Re: [Syzkaller & bisect] There is "__perf_event_overflow" WARNING in v6.1-rc5 kernel in guest

From: Marco Elver
Date: Thu Nov 24 2022 - 03:31:57 EST


On Wed, 23 Nov 2022 at 16:05, Peter Zijlstra <peterz@xxxxxxxxxxxxx> wrote:
>
> On Sat, Nov 19, 2022 at 10:45:54AM +0800, Pengfei Xu wrote:
>
> > The result shows that your additional patch fixed this issue!
> > If possible, could you add Reported-and-tested-by tag from me.
>
> After talking with Marco for a bit the patch now looks like the below.
> I've tentatively retained your tested-by, except of course, you haven't.
>
> If I could bother you once more to test the branch:
>
> git://git.kernel.org/pub/scm/linux/kernel/git/peterz/queue.git perf/urgent
>
> ---
> Subject: perf: Consider OS filter fail
> From: Peter Zijlstra <peterz@xxxxxxxxxxxxx>
> Date: Sat, 19 Nov 2022 10:45:54 +0800
>
> Some PMUs (notably the traditional hardware kind) have boundary issues
> with the OS filter.
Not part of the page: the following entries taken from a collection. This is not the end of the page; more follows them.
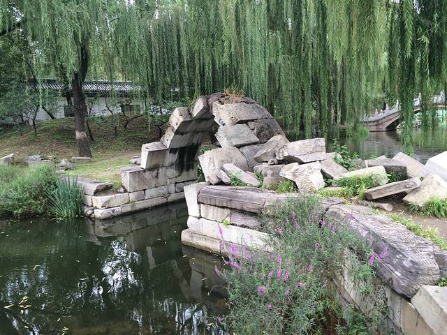 圆明园盛时,园内有近200座桥梁。此桥为昔日敷春堂西宫门外的一座跨溪石拱桥,如今只残存多半个单孔石拱。
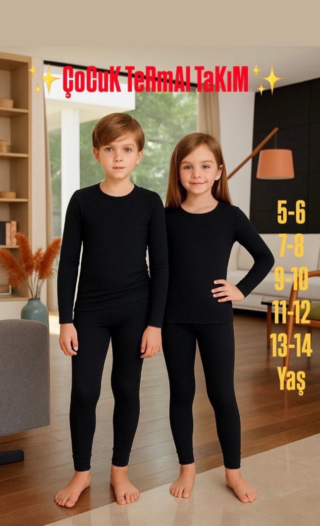 Siyah, desensiz çocuk termal içlik takımı. 5-6 ve diğer yaşlar için uygun, sıcak tutan ve rahat bir yapıya sahip. ❄️
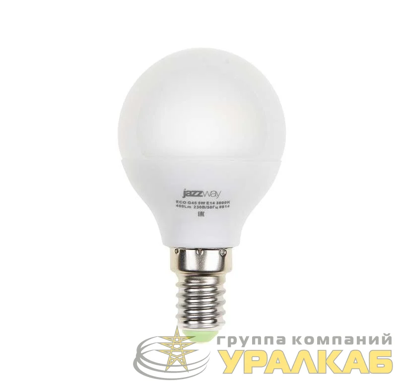 Лампа светодиодная PLED-ECO-G45 5Вт шар 4000К нейтр. бел. E14 400лм 220-240В JazzWay 1036926A
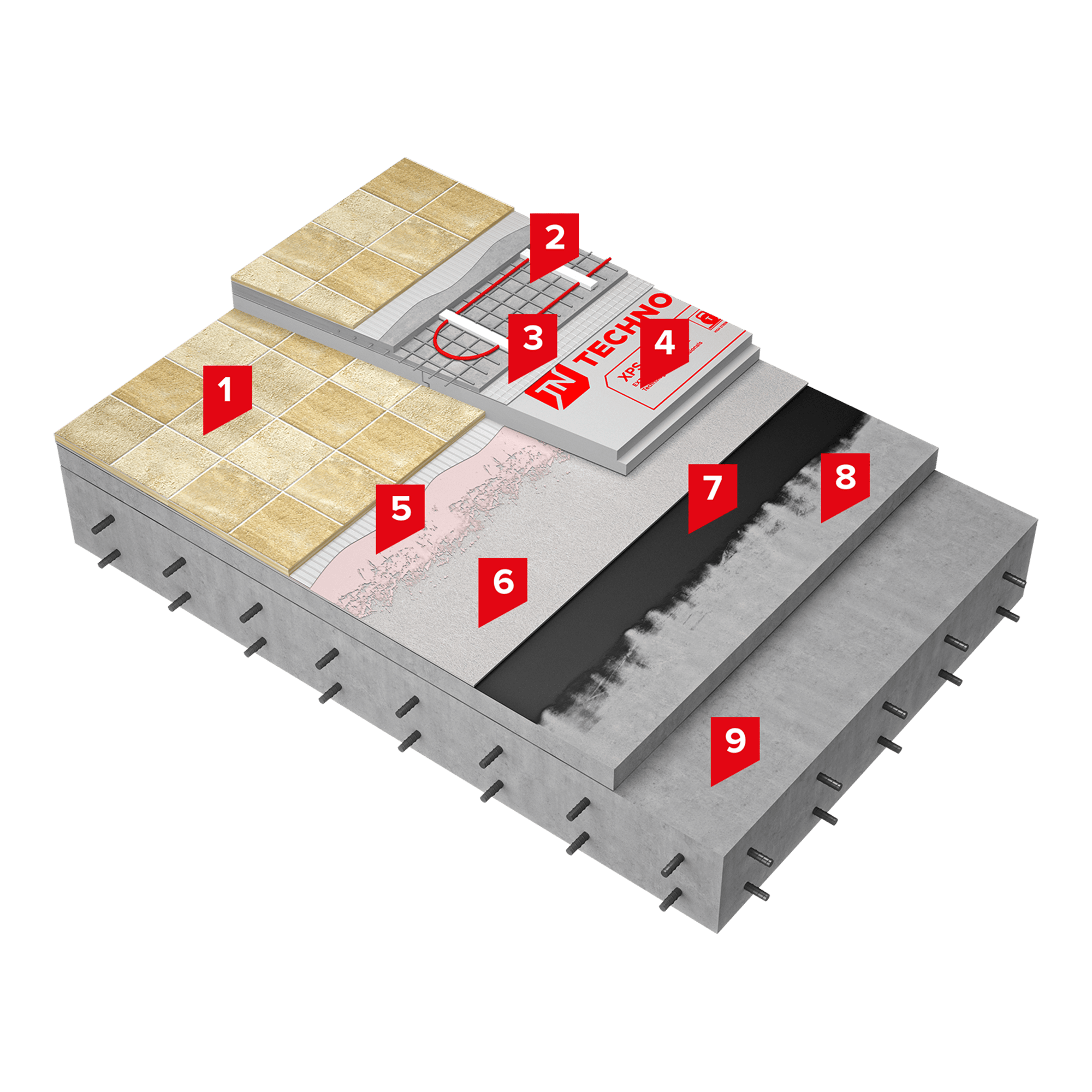 Сверху гидроизоляционного слоя возможна укладка цементно-песчаной стяжки с покрытием пола из плитки, либо утепленный вариант: поверх плит из экструзионного пенополистирола ТЕХНОНИКОЛЬ CARBON ECO укладывается цементно-песчаная стяжка с нагревательными элементами.
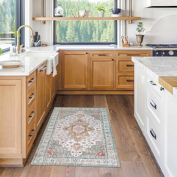 - 【Timeless Vintage Design Rug】 - This washable bedroom rug has design floral medallion patterns including a beige, weak green, cream, old orange color. With purposeful distressing to add vintage appeal to your space. Brings a traditional and timeless with a beautiful printed lived-in design to your home!
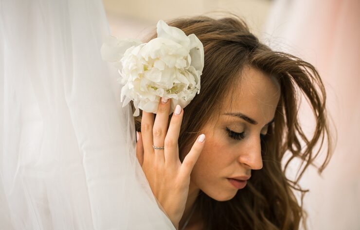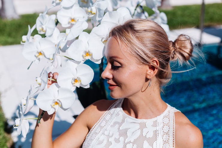 Использование небольших, но ярких бутонов цветов пользуется особой популярностью. Для этого часто выбирают маленькие розы, гвоздики или лилии. Безусловно, носить живые цветы в волосах в течение всего дня может быть непросто и не всегда комфортно, однако красота такого решения того стоит. Вместо нескольких маленьких цветков можно использовать один, более крупный. Обычно его крепят сбоку, у виска, или сзади, чтобы зафиксировать прическу.
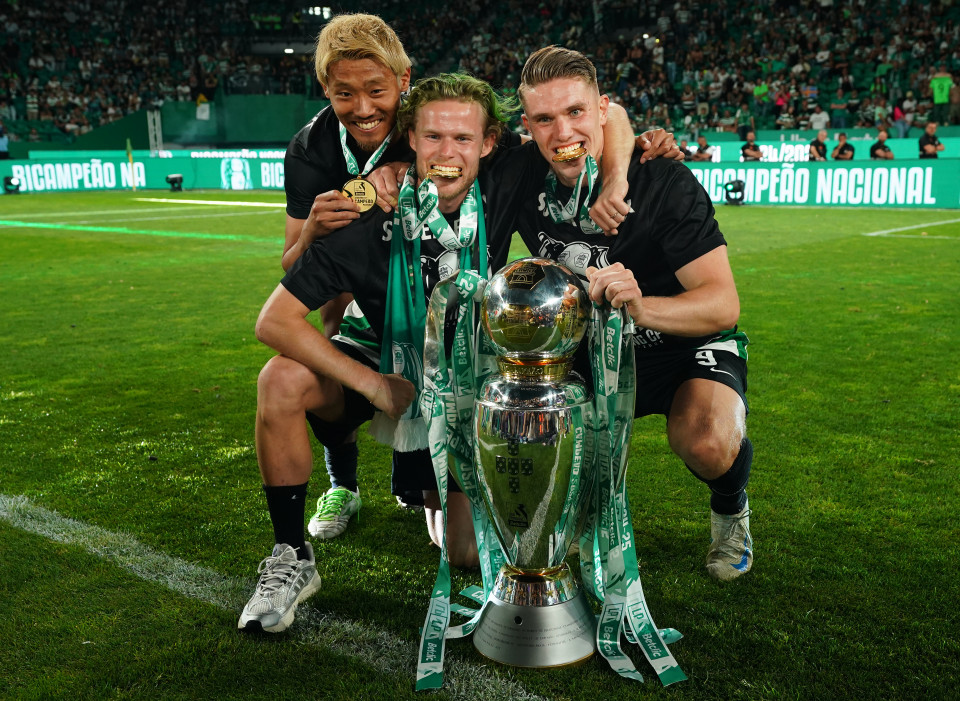 Hidemasa Morita (L) of Sporting CP and teammates Morten Hjulmand (C) and Viktor Gyokeres celebrate with the trophy after winning the Portuguese championship title in Lisbon on May 17, 2025. (Getty/Kyodo)

Specifically, it is possible for
> perf_event_attr::exclude_kernel=1 events to trigger in-kernel due to
> SKID or errata.
>
> This can upset the sigtrap logic some and trigger the WARN.
>
> However, if this invalid sample is the first we must not loose the
> SIGTRAP, OTOH if it is the second, it must not override the
> pending_addr with an invalid one.
>
> Fixes: ca6c21327c6a ("perf: Fix missing SIGTRAPs")
> Reported-by: Pengfei Xu <pengfei.xu@xxxxxxxxx>
> Signed-off-by: Peter Zijlstra (Intel) <peterz@xxxxxxxxxxxxx>
> Tested-by: Pengfei Xu <pengfei.xu@xxxxxxxxx>
> Link: https://lkml.kernel.org/r/Y3hDYiXwRnJr8RYG@xxxxxxxxxxxxxxxx

Thanks, FWIW

Reviewed-by: Marco Elver <elver@xxxxxxxxxx>

One thing I wondered was, if the event fired in the kernel due to
skid, is the addr always some kernel address, or does this also depend
on the type of PMU? In any case, we don't even want to risk leaking
kernel addresses this way, so this looks sane.

> ---
> kernel/events/core.c | 24 ++++++++++++++++++++++--
> 1 file changed, 22 insertions(+), 2 deletions(-)
>
> --- a/kernel/events/core.c
> +++ b/kernel/events/core.c
> @@ -9273,6 +9273,19 @@ int perf_event_account_interrupt(struct
> return __perf_event_account_interrupt(event, 1);
> }
>
> +static inline bool sample_is_allowed(struct perf_event *event, struct pt_regs *regs)
> +{
> + /*
> + * Due to interrupt latency (AKA "skid"), we may enter the
> + * kernel before taking an overflow, even if the PMU is only
> + * counting user events.
> + */
> + if (event->attr.exclude_kernel && !user_mode(regs))
> + return false;
> +
> + return true;
> +}
> +
> /*
> * Generic event overflow handling, sampling.
> */
> @@ -9306,6 +9319,13 @@ static int __perf_event_overflow(struct
> }
>
> if (event->attr.sigtrap) {
> + /*
> + * The desired behaviour of sigtrap vs invalid samples is a bit
> + * tricky; on the one hand, one should not loose the SIGTRAP if
> + * it is the first event, on the other hand, we should also not
> + * trigger the WARN or override the data address.
> + */
> + bool valid_sample = sample_is_allowed(event, regs);
> unsigned int pending_id = 1;
>
> if (regs)
> @@ -9313,7 +9333,7 @@ static int __perf_event_overflow(struct
> if (!event->pending_sigtrap) {
> event->pending_sigtrap = pending_id;
> local_inc(&event->ctx->nr_pending);
> - } else if (event->attr.exclude_kernel) {
> + } else if (event->attr.exclude_kernel && valid_sample) {
> /*
> * Should not be able to return to user space without
> * consuming pending_sigtrap; with exceptions:
> @@ -9330,7 +9350,7 @@ static int __perf_event_overflow(struct
> }
>
> event->pending_addr = 0;
> - if (data->sample_flags & PERF_SAMPLE_ADDR)
> + if (valid_sample && (data->sample_flags & PERF_SAMPLE_ADDR))
> event->pending_addr = data->addr;
> irq_work_queue(&event->pending_irq);
> }